Welcome to the AM³ (Astrophysical Multi-Messenger Modeling) Software!
Overview
AM³ is a software package for simulating lepto-hadronic interactions in astrophysical environments. It solves the time-dependent partial differential equations for the energy spectra of electrons, positrons, protons, neutrons, photons, neutrinos as well as charged secondaries (pions and muons), immersed in an isotropic magnetic field. Crucially, it accounts for the fact that photons and charged secondaries emitted in electromagnetic and hadronic interactions feed back into the interaction rates in a time-dependent manner, therefore grasping non-linear effects including electromagnetic cascades.
AM³ is the most computationally efficient among the state-of-the-art multi-messenger simulation tools (see Cerruti et al 2021). This makes it possible to use AM³ to scan vast source parameter scans and fit the observational data. At the time of its first public release, AM³ has been extensively used in studies of blazars, gamma-ray bursts and tidal disruption events.

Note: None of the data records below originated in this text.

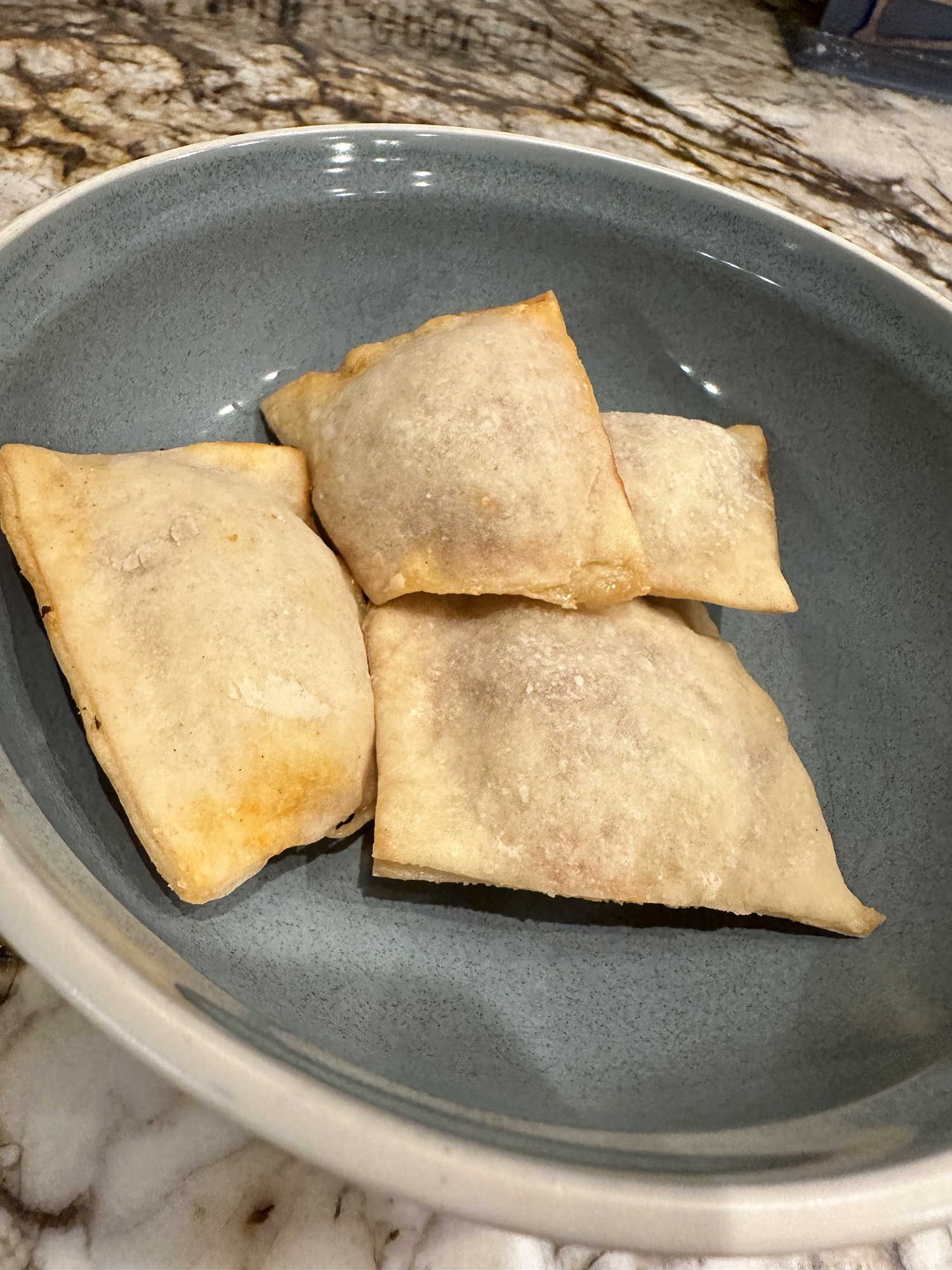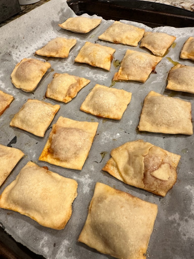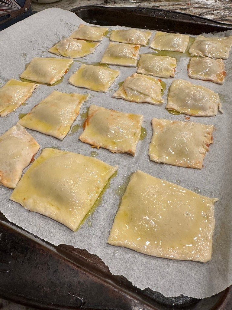 Cut out your pizza rolls and lay them out on a parchment paper covered baking sheet. Lightly brush them with Olive oil and pop them into the oven or air fryer until they’re golden brown. My food brush had some trauma… so it puts way too much olive oil on, ignore the excess and carry on as you were.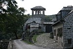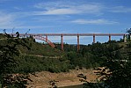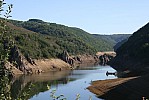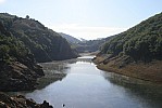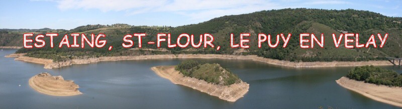 gorges de la Truyère. D'abord le barrage de Sarrans puis le hameau de Laussac bâti sur un promontoire et que l'immersion de la vallée a transformé en presqu'île. Nous passons devant le belvédère du Vezou sans le voir ! Pont de Trébouls, ouvrage suspendu moderne de 159 m de long. Il remplace un pont gothique construit par les Anglais au 14°s. et submergé par la retenue en même temps que le village de Tréboul. |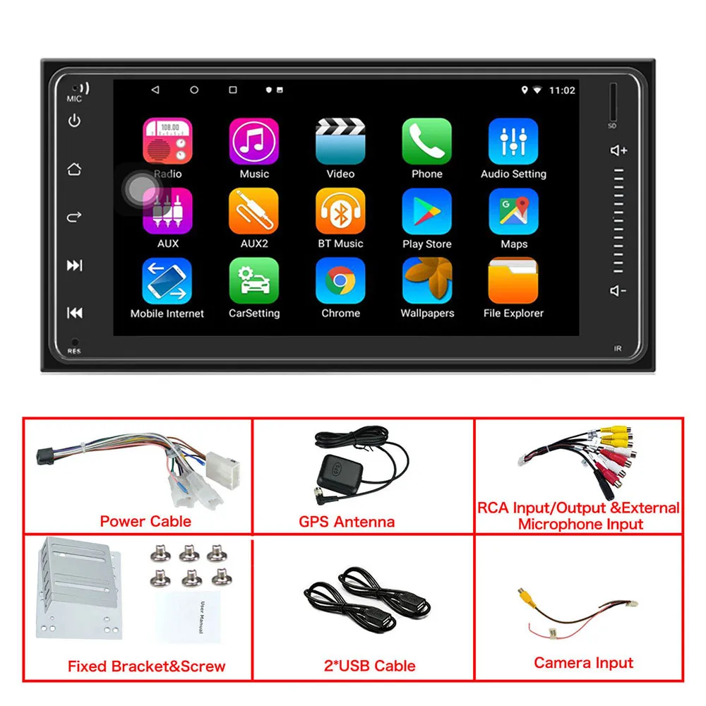 Системы и технические параметры Несколько языков: английский, немецкий, французский, итальянский, испанский, Magyar, Polski, португальский, свадьба, русский, турецкий... ОС: Android 8,1 Процессор: T3l 1,2 ГГц Cortex A7 4 ядра ОЗУ: DDR3 1 Гб RPM/флэш-память: 16 Гб Высокая Разрешение: 7 дюймов HD 1024*600 емкостный сенсорный экран Аудиочип: TDA7388 Двойное управление Mirror-link: Зеркальное отображение телефона на Android с помощью Wi-Fi или USB (двойное управление), подключение при первой возможности требуется через USB Зеркальное отображение iPhone через Wi-Fi (одностороннее управление: управление iPhone на Android, устройство Android не может управлять iPhone) GPS навигационное оборудование: Встроенная GPS-навигация, поддержка онлайн/оффлайн Nav Функция Dual Zone: одновременное прослушивание музыки, время работы GPS Радио: AM/FM тюнер, встроенный (по всему миру), хранилище автоматической памяти/предустановленное сканирование RDS радио: Да 3G/Wifi: Wi-Fi: Встроенный Wi-Fi Версия Bluetooth: Встроенный Bluetooth 4,0 с A2DP/громкой связью/телефонной книгой, возможность совершения телефонных звонков, а также возможность просмотра навигации. Прочие ожерелья и подвески: Поддержка внешний OBD2 Поддержка внешнего DAB + Поддержка Bluetooth система контроля давления в шинах Поддержка внешний микрофон 2 задних USB: один для стандартного USB входа; Один для DVR (видеорегистратор предназначен для автомобильного плеера android, пожалуйста, обратитесь к нашей модели DVR DVR5004 и DVR5014) Передняя SD входом Поддержка обратного входа камеры Несколько настроек эквалайзера Громкость, Фейдер, баланс, высокие частоты, управление басами Поддержка видео HD 1080P Макс. выходная мощность 4*45 Вт 2 Ch RCA выход 1 пара задних входов A/V 2CH Video Out Выход на сабвуфер Управление рулевым колесом (Внимание: Если у вашего автомобиля есть система Canbus, вам понадобится декодер Canbus для работы на руле.) Мультимедийный плеер, совместимый со всеми форматами Вспомогательное оборудование: 1 х Автомобильный Android плеер 1 x Антенна GPS 1 x электроинструмент для Toyota 1 x Руководство пользователя 2 x USB-кабеля 1 x вход камеры заднего вида 1 x RCA кабель
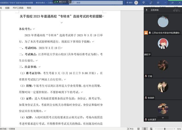 江苏省2023年普通高等公司“专转本”考试将于3月18日、19日举行,为提醒广大考生做好考试准备,公司于3月15日下午召开2023年“专转本”考试考前会议,会议由辅导员黄健钦主持,20级参加“专转本”考试的全体考生参加。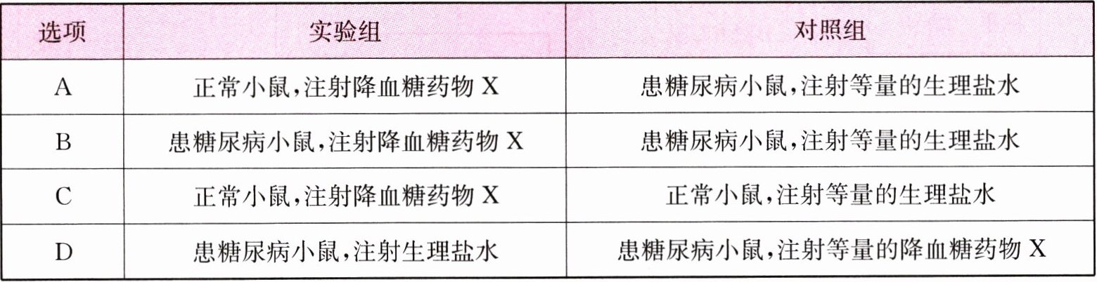 8. 某科研小组为了验证新研制的降血糖药物X能使患糖尿病的小鼠血糖浓度下降,进行了一组实验。下列实验组和对照组小鼠的选择以及操作正确的是(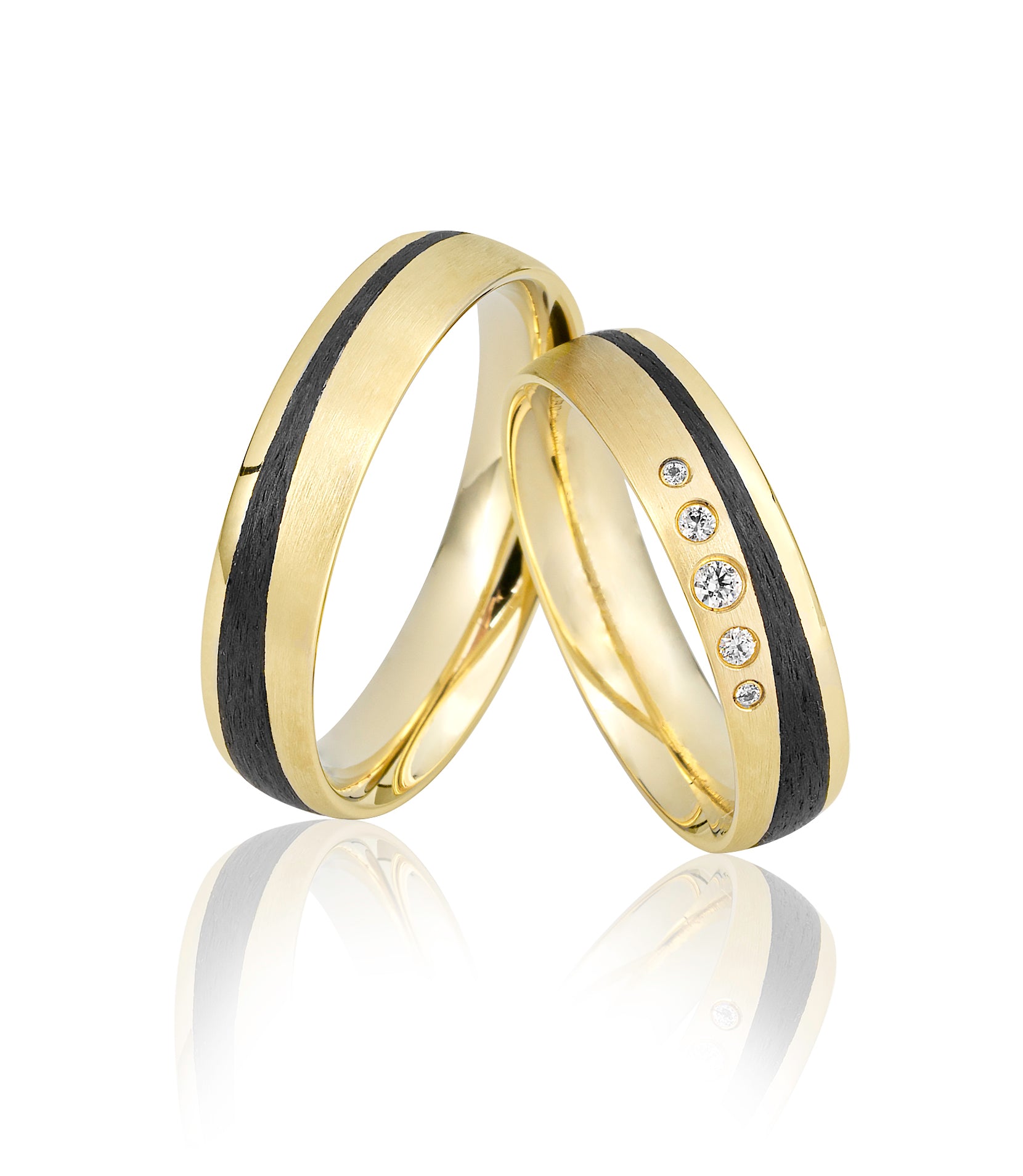 Trauringe/Partnerringe Carbon Gelbgold mit 5 Brillanten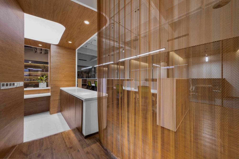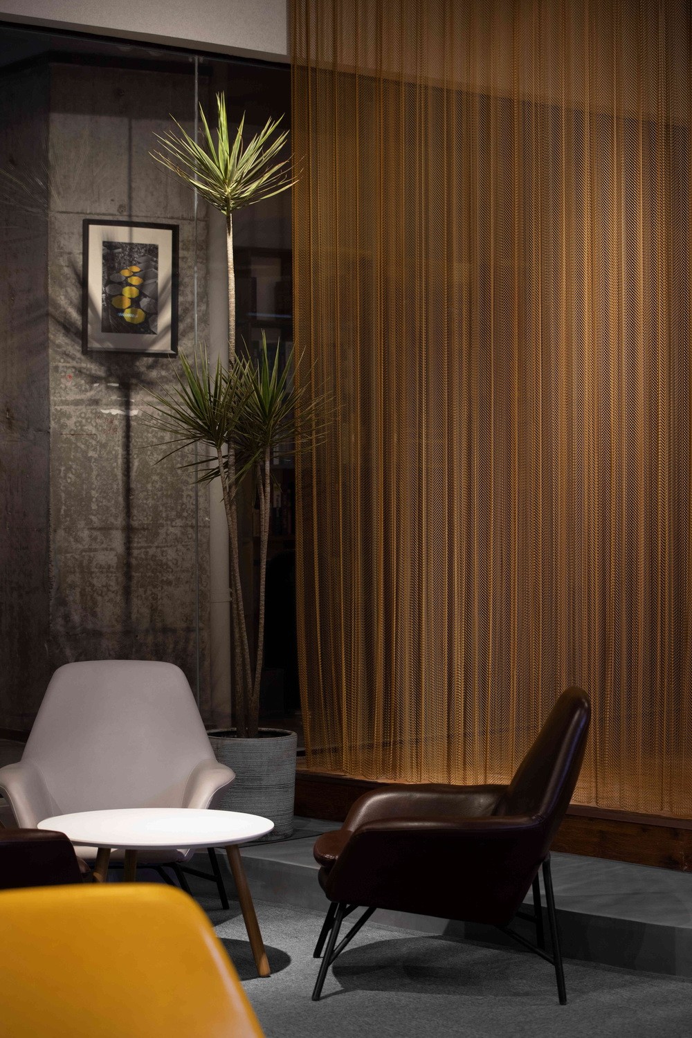 另外,在办公室和洽谈区的分离上,我们放弃了传统隔断,选择用金属帘代替门的作用。一面代表了律所的温度,一面代表了法律的严肃。关上它与拉开它,皆是未言。

With this open-source release, we are making AM³ available with all its current features. The solver consists of a C++ library that can be compiled and deployed directly. Alternatively, we provide Python users with an interface that allows to compile a shared library exposing all the AM³ high-level functions to Python3. This means you can run simulations with AM³ in pure Python without any loss of efficiency.
Documentation
For a detailed user guide, visit the AM³ Read the Docs webpage.
Citing AM³
If you use AM³ in you project, please cite Klinger et al., ApJS 275 4 (2024).
Collaborating
Do you want to contribute to AM³? Great! You just need to create a DESY GitLab account. Go to gitlab.desy.de and select ‘sign in with Helmholtz AAI’. Most international science institutes should be on the list. Alternatively, you can register with your Google account (by selecting ‘google’ from the list). Once your account is requested, send an email to gitlab.service@desy.de and ask to enable your account, specifying that you wish to contribute to AM³. If you have issues with this or have any other question, contact us at contact-am3@desy.de.
Installation
A detailed description of the installation procedure can be found under Installation.
Usage
This documentation contains examples with complete simulation workflows, from setting up the simulation to plotting the results. The source Jupyter notebooks can be found in the AM³ repository, under docs/examples.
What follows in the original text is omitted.